Running Jobs
Jobs on Baskerville are under the control of the Slurm scheduling system. The scheduling system is configured to offer an equitable distribution of resources over time to all users. The key means by which this is achieved are:
- Jobs are scheduled according to the resources that are requested.
- Jobs are not necessarily run in the order in which they are submitted.
- Jobs requiring a large number of cores and/or long walltime will have to queue until the requested resources become available. The system will run smaller jobs, that can fit in available gaps, until all of the resources that have been requested for the larger job become available - this is known as backfill. Hence it is beneficial to specify a realistic walltime for a job so it can be fitted in the gaps.
Slurm Jobs¶
Here we give a quick introduction to Slurm commands. Those requiring more fine grain control should consult the relevant documentation. Jobs move through a (simplified!) lifecycle as follows;
---
title: Slurm job lifecycle
---
%%{init: {"flowchart": {"htmlLabels": false}} }%%
flowchart TD
cf["`**CONFIGURING (CF)** - job has been allocated resources, waiting for them to come ready`"]
pd["`**PENDING (PD)** - job is waiting for resources`"]
running["`**RUNNING (R)** - job is processing`"]
cg["`**COMPLETING (CG)** - job has finished and is cleaning up`"]
cd["`**COMPLETED (CD)** - job is stopping`"]
f["`**FAILED (F)** - job has failed, either due a slurm requirement, e.g. timeout, or due to a fail in the running code`"]
cf --> pd
pd --> running
running --> cg
cg --> cd
running --> f
Submitting a job¶
The command to submit a job is sbatch
. For example, to submit the set of
commands contained in the file myscript.sh
, use the command:
sbatch myscript.sh
The system will return a job number, for example:
Submitted batch job 55260
Slurm is aware of your current working directory when submitting the job so there is no need to manually specify it in the script.

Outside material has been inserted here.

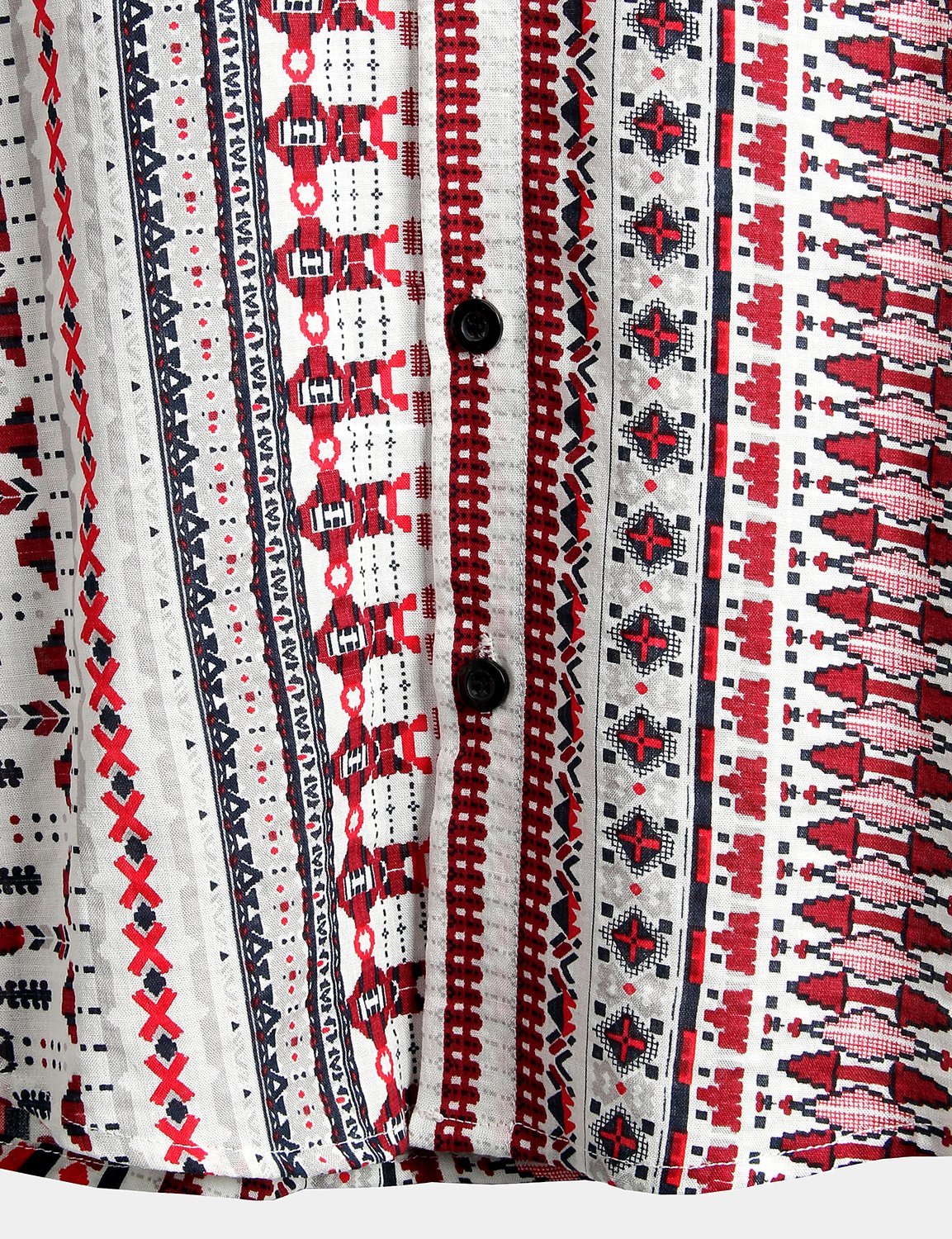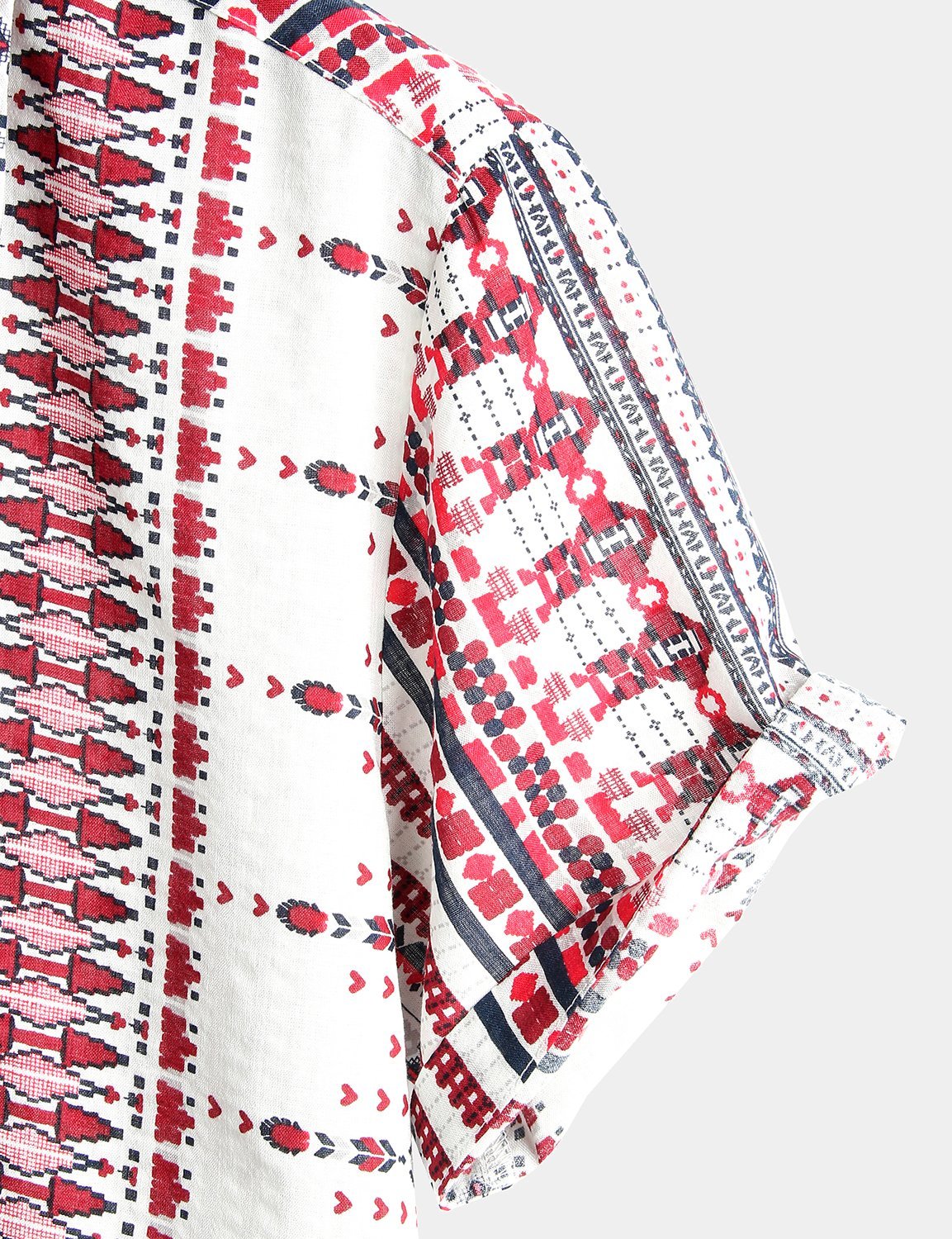 Men's Patchwork Printed Short Sleeve Cotton Shirt

Upon completion of the job, there will be two output files in the directory from which you submitted the job. These files, for job id 55260, are:
slurm-55260.out
- standard out and standard error outputslurm-55260.stats
- information about the job from Slurm
Cancelling a job¶
To cancel a queued or running job use the scancel
command and supply it with
the job ID that is to be cancelled. For example, to cancel the previous job:
scancel 55260
Monitoring Your Jobs¶
There are a number of ways to monitor the current status of your job. You can view what’s going on by issuing any one of the following commands:
squeue
is Slurm’s command for viewing the status of your jobs. This shows information such as the job’s ID and name, the QOS used (the “partition”, which will tell you the node type), the user that submitted the job, time elapsed and the number of nodes being used.scontrol
is a powerful interface that provides an advanced amount of detail regarding the status of your job. Theshow
command withinscontrol
can be used to view details regarding a specific job.
For example:
squeue
squeue -j 55620
scontrol show job 55620
Associate Jobs with Projects and QoS¶
Every job has to be associated with a project to ensure the equitable distribution of resources. Project owners and members will have been issued a project code for each registered project, and only usernames authorised by the project owner will be able to run jobs using that project code. Additionally, every job has to be associated with a QoS.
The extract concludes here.